**Task inputs:**
--
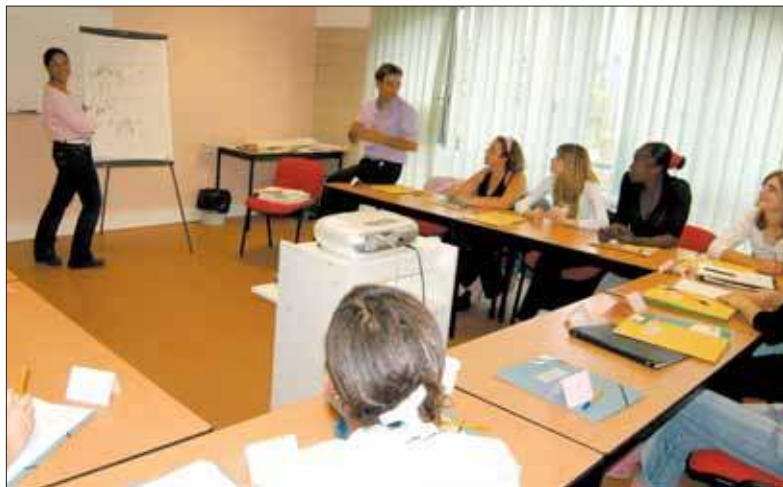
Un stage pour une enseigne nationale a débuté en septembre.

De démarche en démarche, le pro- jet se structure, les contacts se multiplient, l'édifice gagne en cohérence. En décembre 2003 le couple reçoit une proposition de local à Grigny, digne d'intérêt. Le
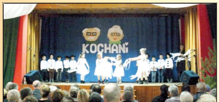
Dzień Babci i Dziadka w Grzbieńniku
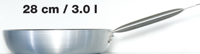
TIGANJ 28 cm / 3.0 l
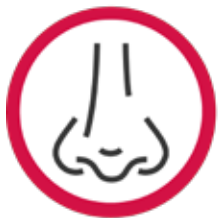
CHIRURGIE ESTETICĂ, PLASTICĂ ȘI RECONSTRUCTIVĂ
--
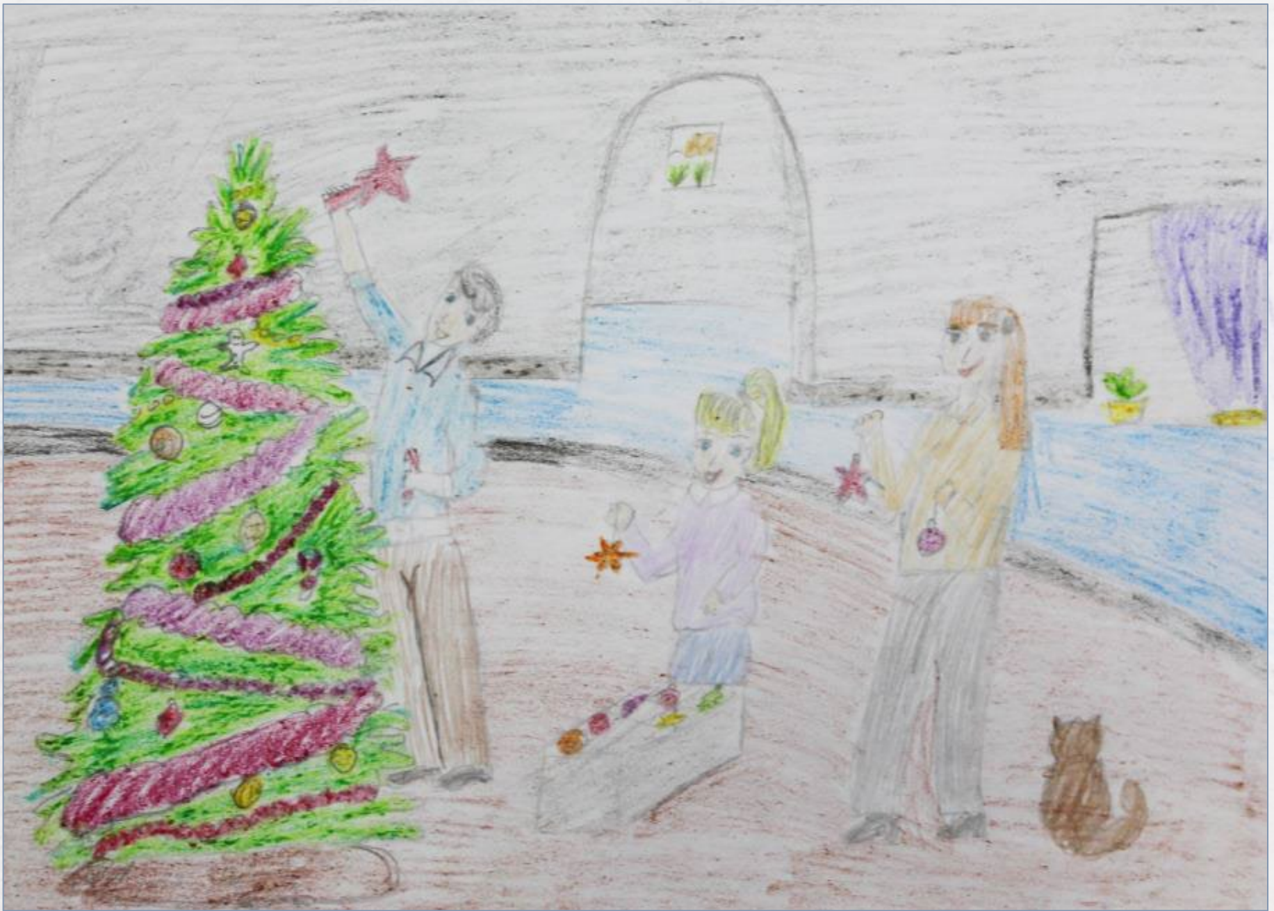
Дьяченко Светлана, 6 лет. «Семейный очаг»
--
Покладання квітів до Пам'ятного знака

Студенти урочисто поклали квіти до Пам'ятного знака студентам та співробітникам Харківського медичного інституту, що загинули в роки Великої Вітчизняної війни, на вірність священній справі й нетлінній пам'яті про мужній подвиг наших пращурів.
--
**Problem description:** Look through the listing above for the line with "Un stage pour" and the line with "CHIRURGIE ESTETICĂ, PLASTICĂ". Write out exactly those lines and everything between, leaving out pictures.

**Answer to the problem:**
Un stage pour une enseigne nationale a débuté en septembre.

De démarche en démarche, le pro- jet se structure, les contacts se multiplient, l'édifice gagne en cohérence. En décembre 2003 le couple reçoit une proposition de local à Grigny, digne d'intérêt. Le
Dzień Babci i Dziadka w Grzbieńniku
TIGANJ 28 cm / 3.0 l
CHIRURGIE ESTETICĂ, PLASTICĂ ȘI RECONSTRUCTIVĂ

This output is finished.